In mammalians, every cell contains its own circadian clock, a fundamental mechanism that controls many important cellular processes in a periodic way, with a 24 hour cycle. All the clocks are organized into a complex hierarchy that allows for the adaptation of the organism’s behavior and physiology to the alternating day/night sequence. However, very little is known on the coupling and synchronization of circadian clocks within the same tissue or the same organ.

In the liver, a large number of processes and a significant fraction of its genes are regulated by the circadian clock in a rhythmic way. Notably, the amplitude of circadian oscillations in the liver is observed to increase in response to a temporary absence of nutrition intake (Panda, 2016). This increase in amplitude may be due to different causes: for instance, a direct increase in each cell, or the fact that cells become synchronized may both lead to an increase in the population amplitude. In the latter case, synchronization of the cells may possibly be due to intercellular communication, through the exchange of diffusible molecules.

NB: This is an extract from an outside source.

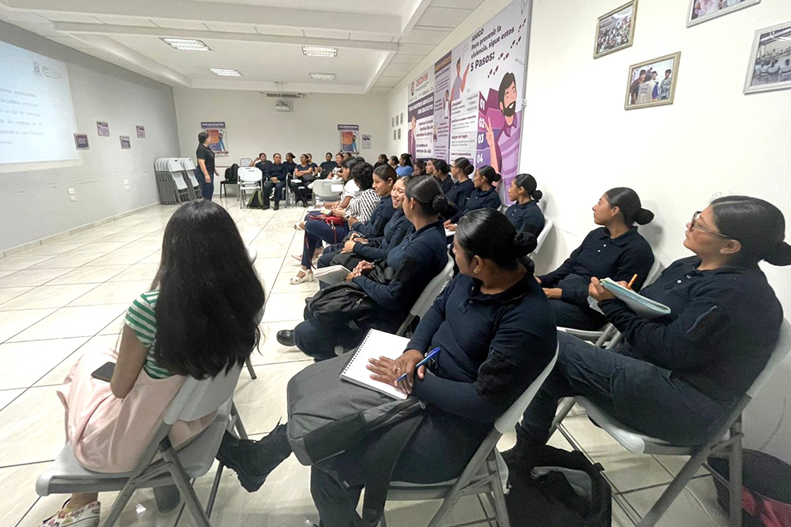 La bienvenida estuvo a cargo de la Jefa del Departamento de Nuevas Masculinidades de SEMUJERES, Nellely Yarime Martínez Bardales. También asistió Rossely Denisse Villanueva Kuyoc, Jefa de Área de Capacitación del Tribunal.

To test these and other hypotheses, we will construct a mathematical model for the circadian clock in the liver and study the coupling of two or more similar cells interacting through the exchange of some molecules in a diffusive way.

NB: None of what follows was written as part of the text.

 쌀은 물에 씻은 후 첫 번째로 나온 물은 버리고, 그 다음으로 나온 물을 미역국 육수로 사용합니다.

This topic is part of the project SYNCHRO, in the “Masters Environneés” program at Université Cote d’Azur, in collaboration with the Circadian Systems Biology team of Franck Delaunay and Michele Teboul at Institut de Biology de Valrose. The Master student will thus frequently interact with a team of biologists with expertise in the mammalian circadian clock.


In this project, we will use ordinary differential equations and piecewise linear systems to build a minimal mathematical model for the molecular oscillator in each cell, describing the concentration of the main proteins or metabolites involved in the oscillatory dynamics (see also Almeida et al. 2020). To characterize the intercellular interactions, we will assume that cells can exchange one of the metabolites in a diffusive way, so that the communication between two cells will be proportional to the difference between the concentration of that metabolite in each of the molecular oscillators.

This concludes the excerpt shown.